Hobo – Where Do I put the damn thing?

Robots.txt resides in the root directory of your Web space, that’s either a domain or a subdomain, for example “/web/user/htdocs/example.com/robots.txt” resolving to http://example.com/robots.txt.

Can I use Robots.txt in sub directories?

Of course you’re free to create robots.txt files in all your subdirectories, but you shouldn’t expect search engines to request/obey those. If you for some weird reasons use subdomains like crap.example.com, then the example.com/robots.txt is not exactly a suitable instrument to steer crawling of subdomains, hence ensure each subdomain serves its own robots.txt.

When you upload your robots.txt then make sure to do it in ASCII mode, your FTP client usually offers “ASCII|Auto|Binary” – choose “ASCII” even when you’ve used an ANSI editor to create it.

Hobo – Why?

Because plain text files contain ASCII content only.

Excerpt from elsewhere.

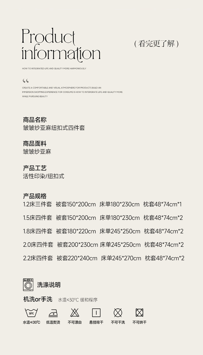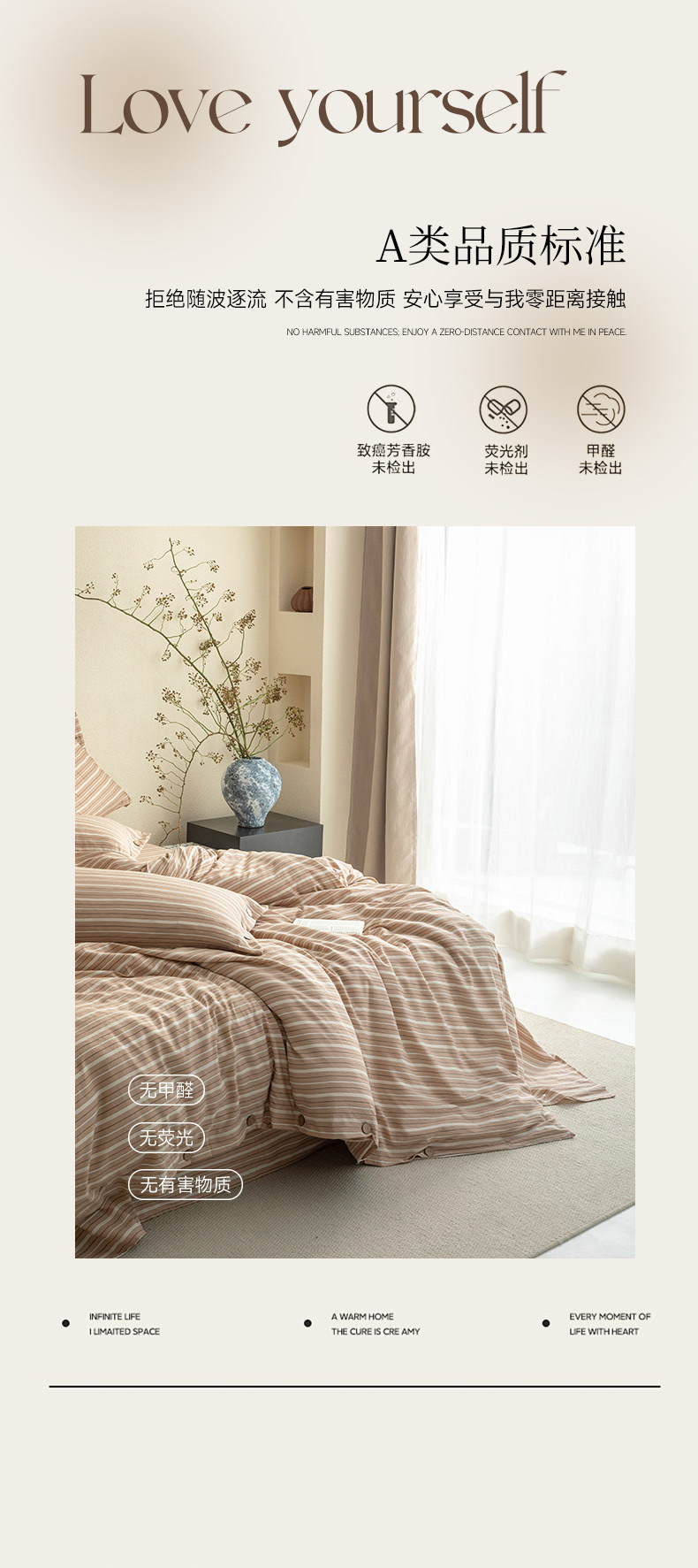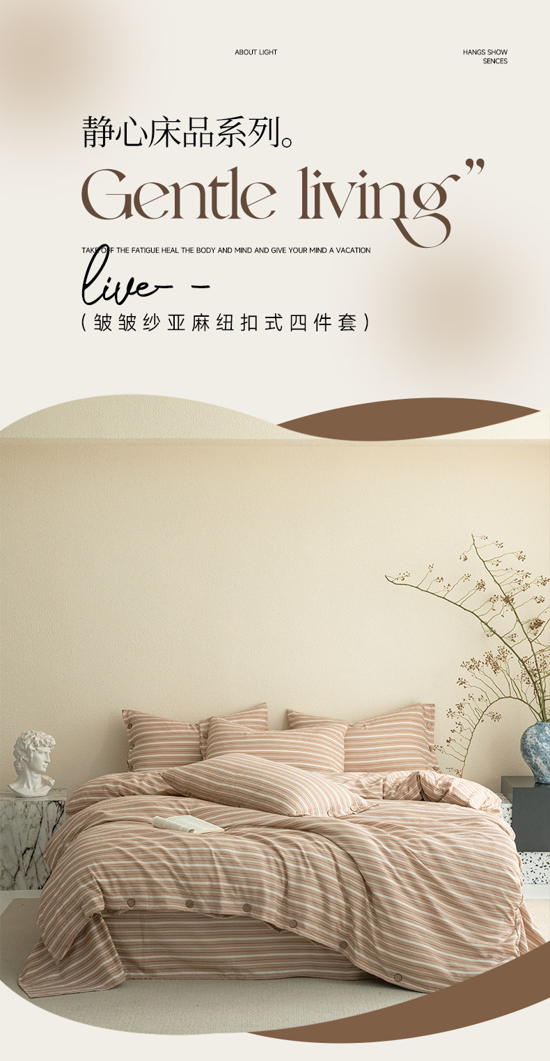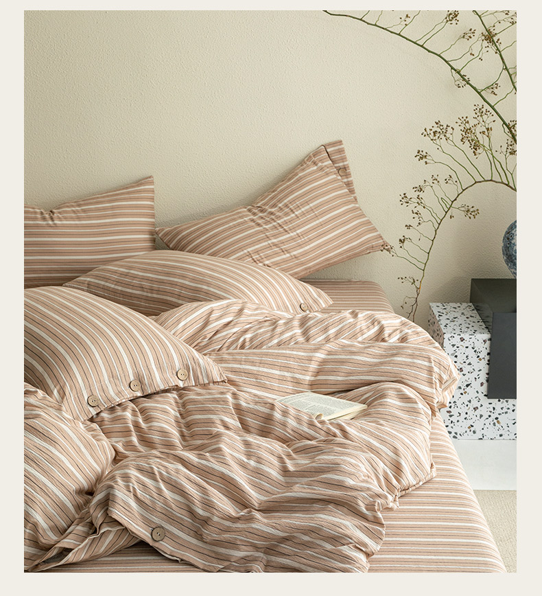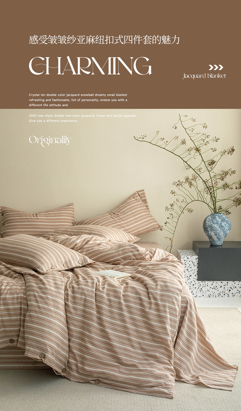 当前位置: 91家纺网 > 商品网购 > 床品套件 > 四件套 > 化纤活性四件套 > 库里梦家纺 2025新款皱皱纱亚麻纽扣式四件套 条纹-咖

Sometimes standards that say “upload *.htm *.php *.txt .htaccess *.xml files in ASCII mode to prevent them from inadvertently corruption during the transfer, storing with invalid EOL codes, etc.” do make sense. (You’ve asked for the idiot version, didn’t you?)

Hobo – What about if I am on a Free Host?

If you’re on a free host, robots.txt is not for you. Your hosting service will create a read-only robots.txt “file” that’s suitable to steal even more traffic than its ads that you can’t remove from your headers and footers.

Now, if you’re still interested in the topic, you must learn how search engines work to understand what you can archive with a robots.txt file and what’s just myths posted on your favorite forum.

Hobo – Sebastian, Do you know how search engines work, then?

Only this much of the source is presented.